1. PHOSPHATE BUFFER: Prepare 0.2M Phosphate buffer, pH 8.3.
2. 0.03% TRYPSIN SOLUTION: Mix 0.03g of commercial trypsin powder in 50 ml of phosphate buffer pH 8.3; make up the volume to 100 ml.
ENZYME ASSAY:
3. Label 1-5 test tubes with increasing concentration of trypsin to be investigated.
4. Add the volumes of trypsin and buffer solution as shown in the observation table.
5. Place all the test tubes in the water bath at 370C and wait for 2-3 minutes.
6. Add single rectangular pieces of exposed photographic film strips to each test tube.
7. Keep on stirring the test tubes at every minute and look at the colour change on the film strip.
8. As the film clears in the highest trypsin concentration stop the reaction by adding formalin solution to each test tube.
9. Take out the film strips of the photographic film in the petri-dish and arrange according to their increasing concentration of trypsin.

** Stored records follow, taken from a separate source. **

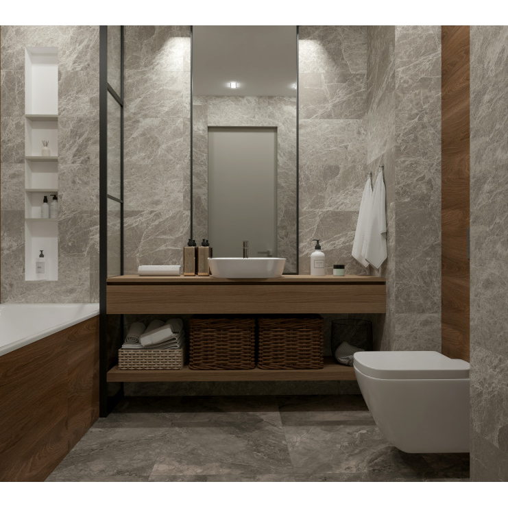 Керамогранит NR103 Mizar Dark Grey 60х60 см подходит для всех типов жилых помещений. Глазурованное покрытие дает сложный и богатый с художественной точки зрения рисунок. Ректифицированный керамогранит можно укладывать с минимальными швами и создавать визуально монолитные поверхности, он эффектно смотрится и прост в уходе.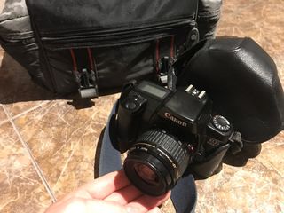 Cámara réflex digital Canon con objetivo. - Cuerpo de cámara negro. - Objetivo Canon Zoom Lens EF-S 18-55mm. Incluye todo lo que aparece en la foto cámara y funda. Ideal para empezar y seguir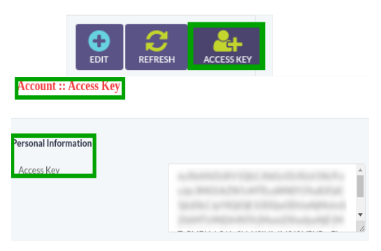 Click on Access Key button to get access key for account as shown below: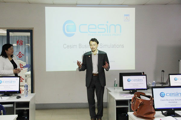 上午,由CESIM公司来自芬兰的Veijo Kyösti先生作为主讲人介绍了国外整体实战教学情况介绍,分享了国外创新创业教学课程实例、国内院校创新创业课程使用实例以及体验创新创业模拟、价值点等案例。下午,在Veijo Kyösti先生带领下,将与会教师和学生进行分组,让师生在CESIM公司的企业模拟台上进行实战演练。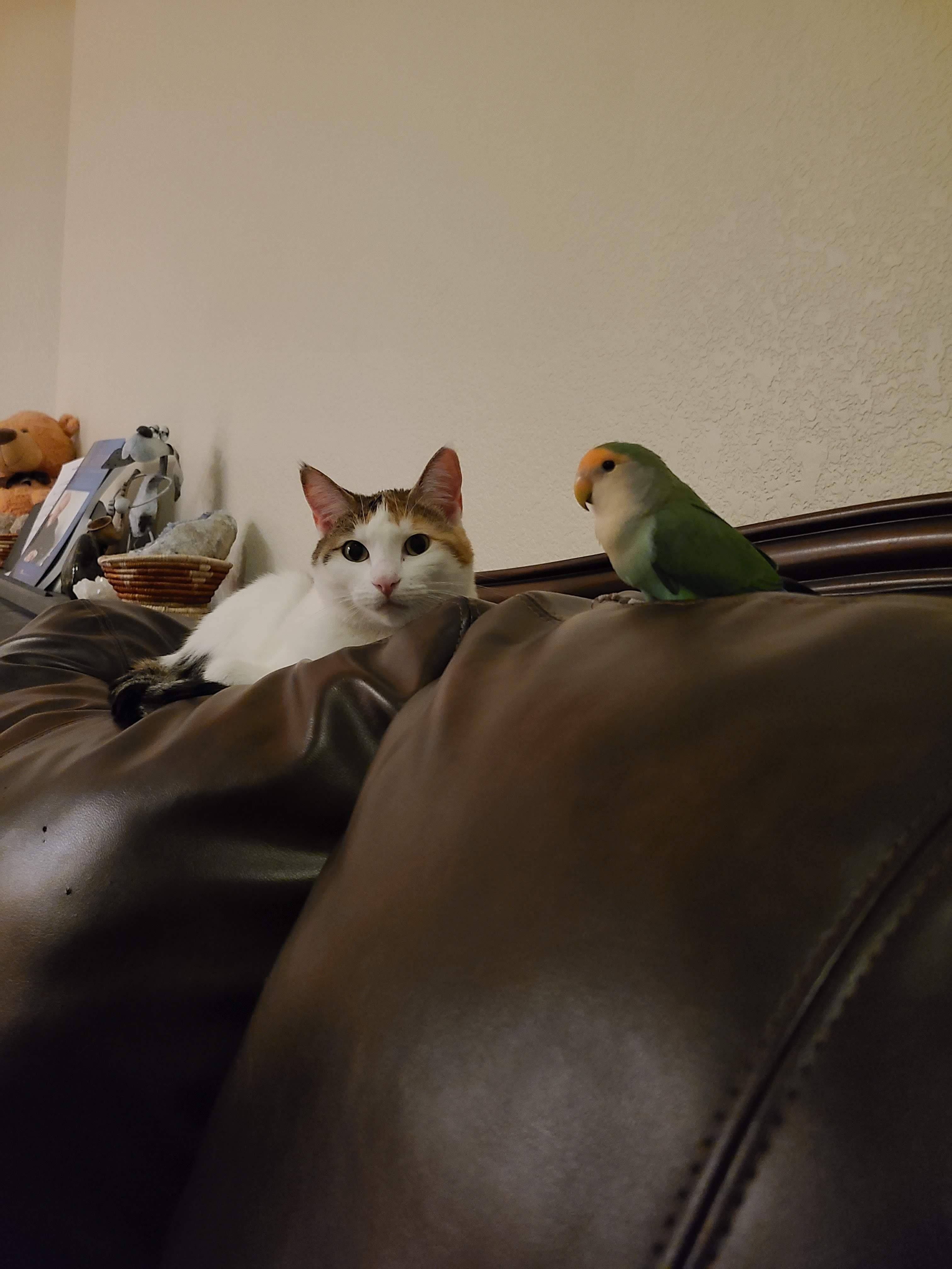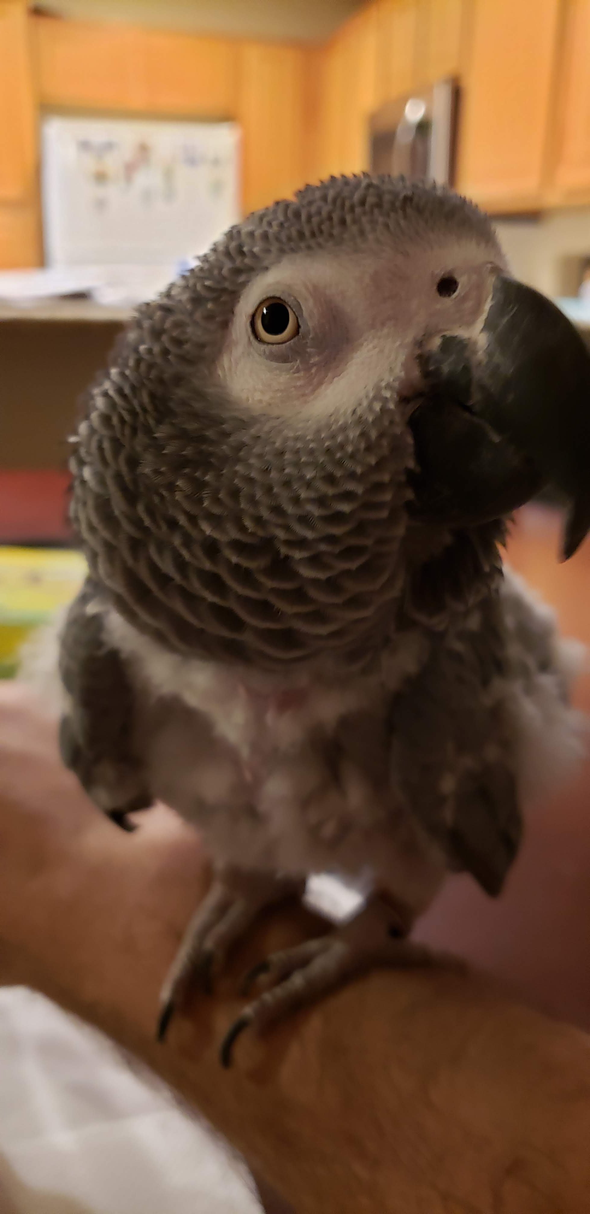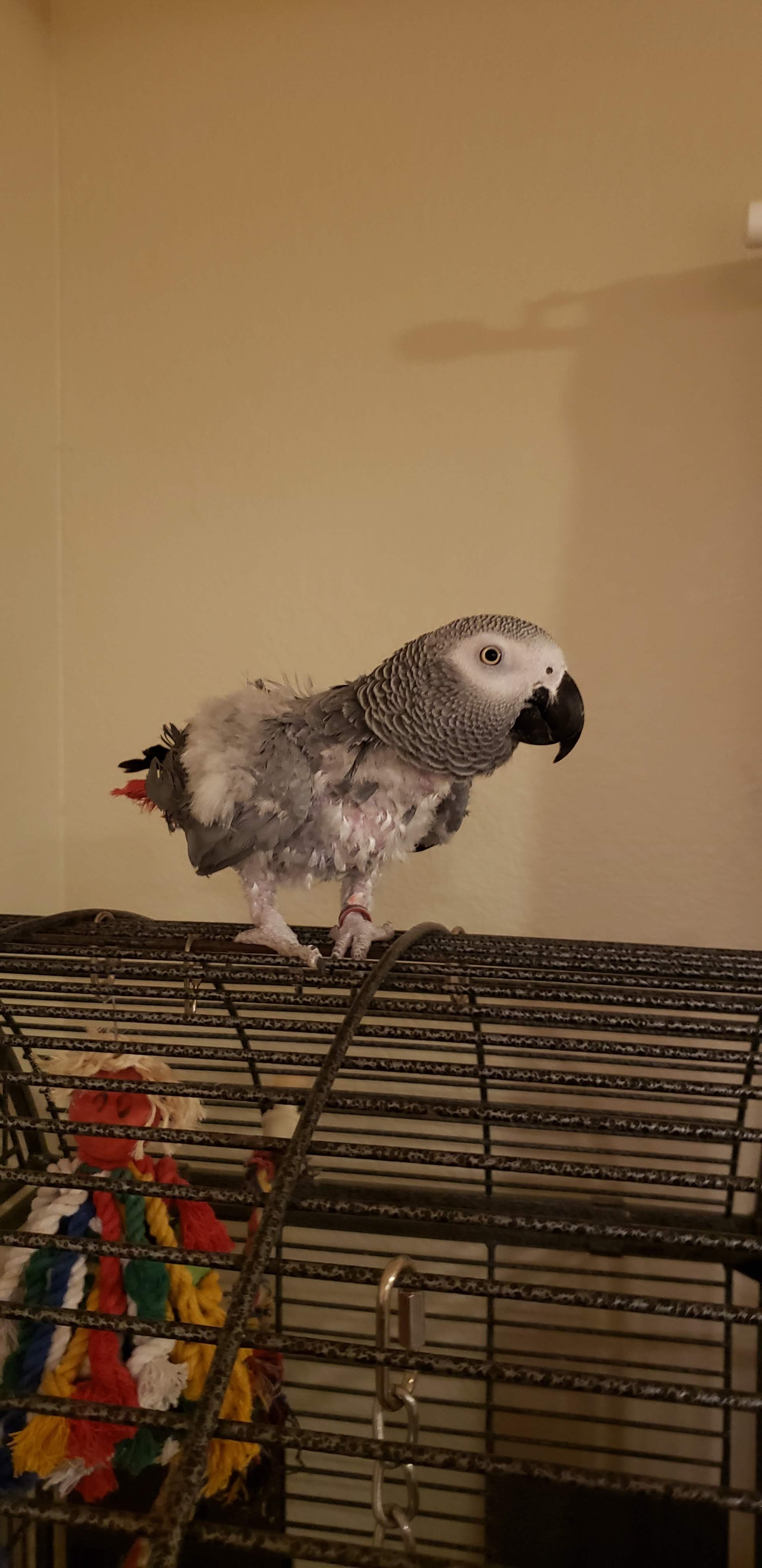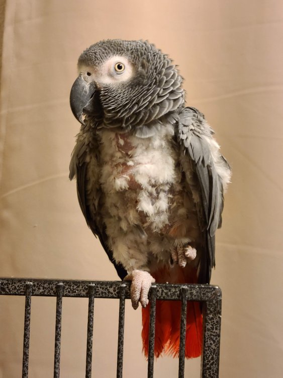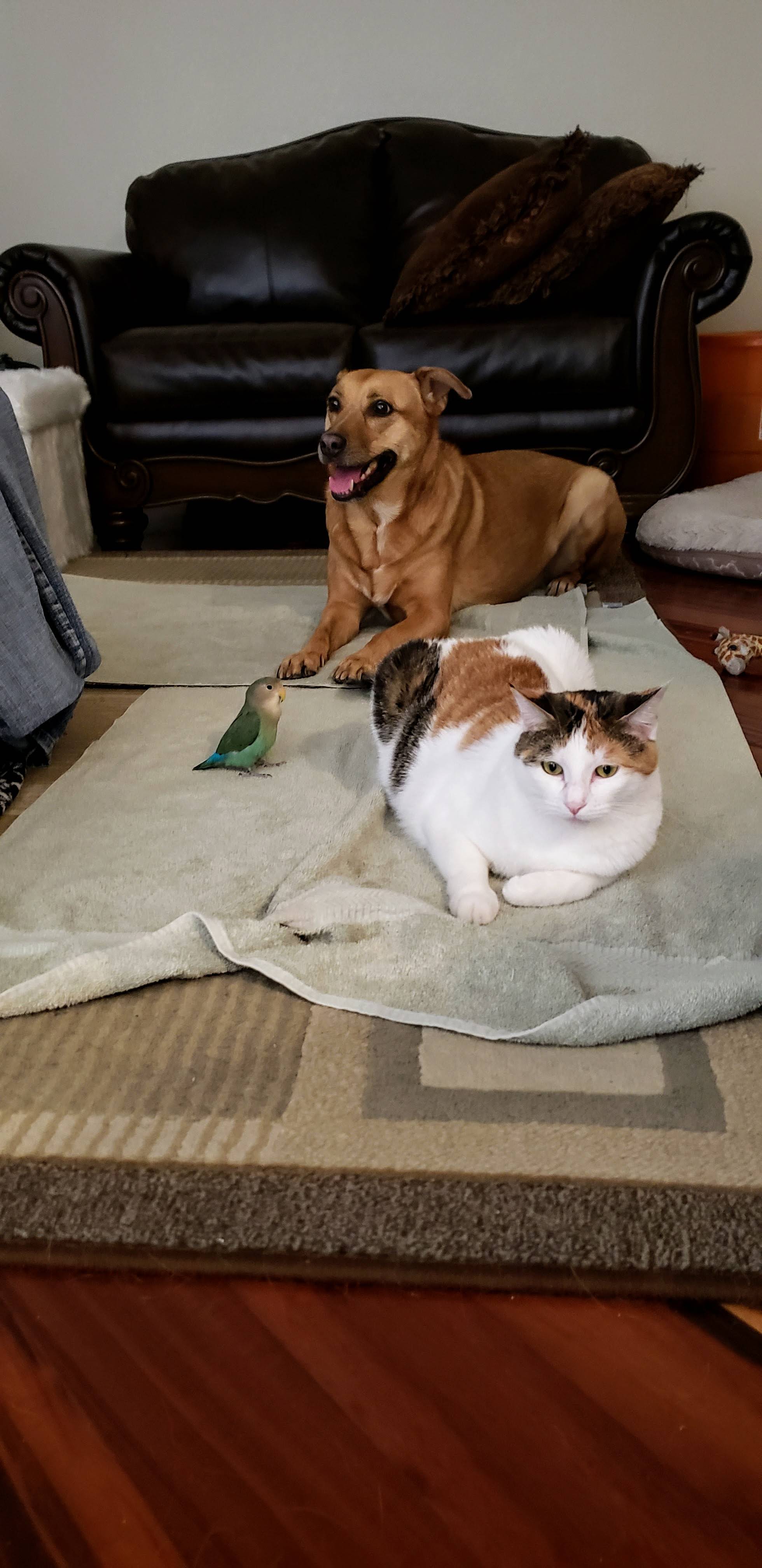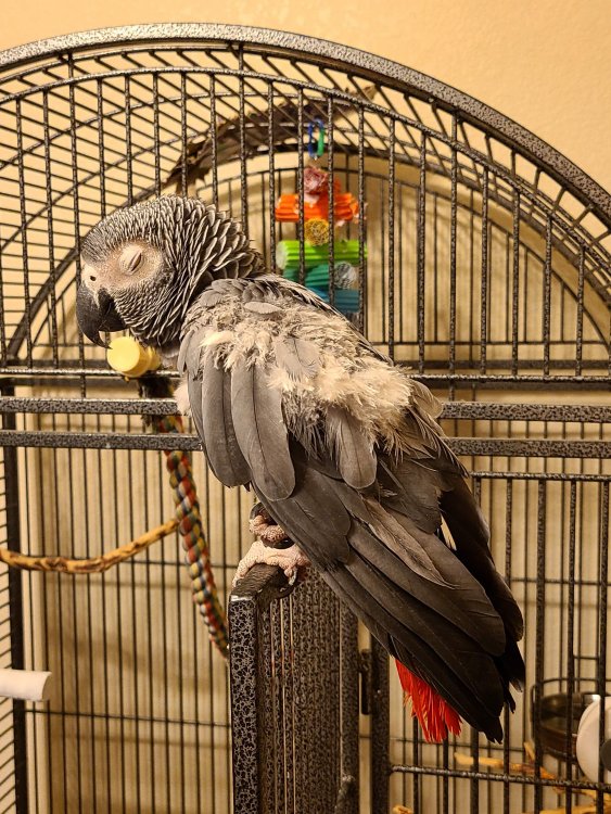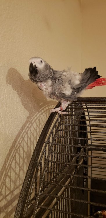 Hello Everyone! I'm so excited to be a part of this group! These forums were super helpful for when my husband and I were doing research before adopting our CAG, Rhubarb (Ruby for short). We knew we didn't want to get a baby African Grey and we wanted to rescue one because there are so many birds out there who need good homes! This will be a slightly long post as an introduction but I will include lots of pictures! Anyway, a little bit of background on us, we have a dog (Jelly, 8 years old), cat (Jams, 4 years old), and lovebird (Kiwi, 2 years old) who all get along very well! We had adopted Jelly first, from a shelter, when she was around 2 years old. She had been bounced from shelter to shelter and her previous owners would tie her up outside at night but allow her in the house during the day. We are pretty sure she was abused as she'll flinch when we're holding a broom or some other object and we have NEVER hit her. She also had a lot of separation anxiety and PTSD from thunderstorms as well. We have worked through those and is a very spoiled puppy now. We got Jams around the time when Jelly was starting to get sad and lonely being home alone when we were at work for long hours (weird schedule back then) and she took to nurturing Jams like her own baby! Jams was around 5 weeks old when we adopted her. She was born on the side of a church with a few other kittens and her mom didn't come back for days. We were thinking the momma cat had been killed. âšī¸ Jams and her brothers and sisters were promptly adopted out to different families. Since Jams was raised by Jelly, she acts more like a dog than a cat. She is of course very spoiled as well. We had gotten Kiwi after we had been watching my younger sisters budgies and Jams was very excited to have them around. She would sit by the cage and watch them all day! She was very sad when they had to go back home to my sister's house so after a few months we decided to get a lovie and they've been best buddies ever since! Not sure if Kiwi even thinks she's a bird because she scoots around the floor with Jelly and Jams (she is able to fly but prefers to walk, although we are recall training her which she is having fun with!). Here are some pictures of the three: Now let's get on to Ruby! Geoff and I had been looking around at rescue shelters to see if we would come across an African grey (or other bird) who would take to us and want to come home with us. But because of the pandemic, volunteering and helping out at shelters have been nonexistent (they wouldn't take in new volunteers). I just happened to be browsing Craigslist (because people list birds there all the time) and she was listed on Craigslist that same night I was browsing. The family said that they couldn't take care of her anymore and needed to be taken in by some other family. We went to go meet her (to make sure she would actually like us) and fell in love! The current owner told us her background: - She is currently 19 years old. The first 15 years of her life she spent with an older gentleman (we are thinking British from her accent) and she was raised very well there (based on how she interacts with us and her training). The older gentleman suddenly passed away (we are thinking he was involved in an accident after he had left the house because she has separation anxiety whenever my husband leaves the house, working on that). - So then she was picked up by a couple who had high school kids and they had her for 3 years. This is where she had started to feather pluck. I think also where she was abused (she is deathly afraid of towels and sticks [we had tried to use a T-perch with her] and does not like it when someone is moving too fast towards her). After their kids had moved out, they wanted to downsize and said they couldn't fit her in their new home anymore. So on Craigslist she went where the person who we picked her up from took her in. - The most recent house that she was at was very high energy. They had about 8 people in the house, another bird, cat, and small dog. Ruby was not settling in well with them (they had only had her for 8 months) and I think she was too much work for them too. The mom did try to help with the feather plucking. She took Ruby to the vet to get checked out and she was deemed healthy. They started her on Avi calm which seemed to help but she had only been on it for 2 weeks or so before we took her in. Here are some pictures of her first day at our house after the owner dropped her off: We are her fourth (and forever) home. When she first came to us, she was a very dusty grey. I don't think they gave her baths at all which probably made her super itchy and led to even more plucking. We let her settle in and left her cage door open in case she wanted to come out and interact. We talked with her a lot and just had conversations around her. Kiwi was super excited to have her around and so were Jams and Jelly but we kept them separate for a bit. We believe she is settling in well. She likes the very calm environment at the house (yes even with 3 other pets, we like to keep a very calm environment). She has taken to my husband more (since she was raised by the older gentleman) but I have been working with her so that she doesn't just like him. Here are some pictures after 2/2.5 weeks from when we adopted her: We have been giving her daily baths (she's not too fond of them and grumbles about it) but she is getting better. She is not dusty anymore (still some but not the puff cloud that would come out when we first got her) and it seems to be helping with her feathers too. We are adding aloe vera to her bath as well (thank you, I think it was Dan who posted about the aloe vera here?, for that great advice!). She is very loving and sweet and we've had her meet my parents and my husband's parents so that she gets used to being around other people as well. She is a lot more talkative when it's just my husband and I around though. She continues to surprise

Animation of the experiment:--

Photographic film is a strip or sheet of transparent film base coated on one side with a gelatin emulsion containing microscopically small light-sensitive silver halide crystals. The sizes and other characteristics of the crystals determine the sensitivity, contrast, and resolution of the film. When these filmstrips are dipped in trypsin solution, it acts on the gelatin present in the film. The more is the concentration of trypsin, more will be the digestion of gelatine and therefore the strip will take less time to become transparent. Trypsin is the one of the many proteases in the body involved in protein digestion of utmost importance. To date, trypsin has been widely used in leather bating, detergents, and the food and pharmaceutical industries. In particular, trypsin was also used in insulin manufacture to convert the insulin precursor into insulin ester by digesting the mini-C-peptide. A genetic defect which prevents its autolysis causes hereditary pancreatitis (inflammation of pancreas). Trypsin's role is also associated with chronic pancreatitis and cystic fibrosis. One consequence of the autosomal recessive disease cystic fibrosis is a deficiency in transport of trypsin and other digestive enzymes from the pancreas. This leads to the disorder termed meconium ileus, which involves intestinal obstruction (ileus) due to overly thick meconium, which is normally broken down by trypsin and other proteases, then passed in feces. A combination product that contains trypsin, bromelain, and rutin (Phlogenzym) seems to work about as well as a medication called diclofenac in relieving pain and improving knee function.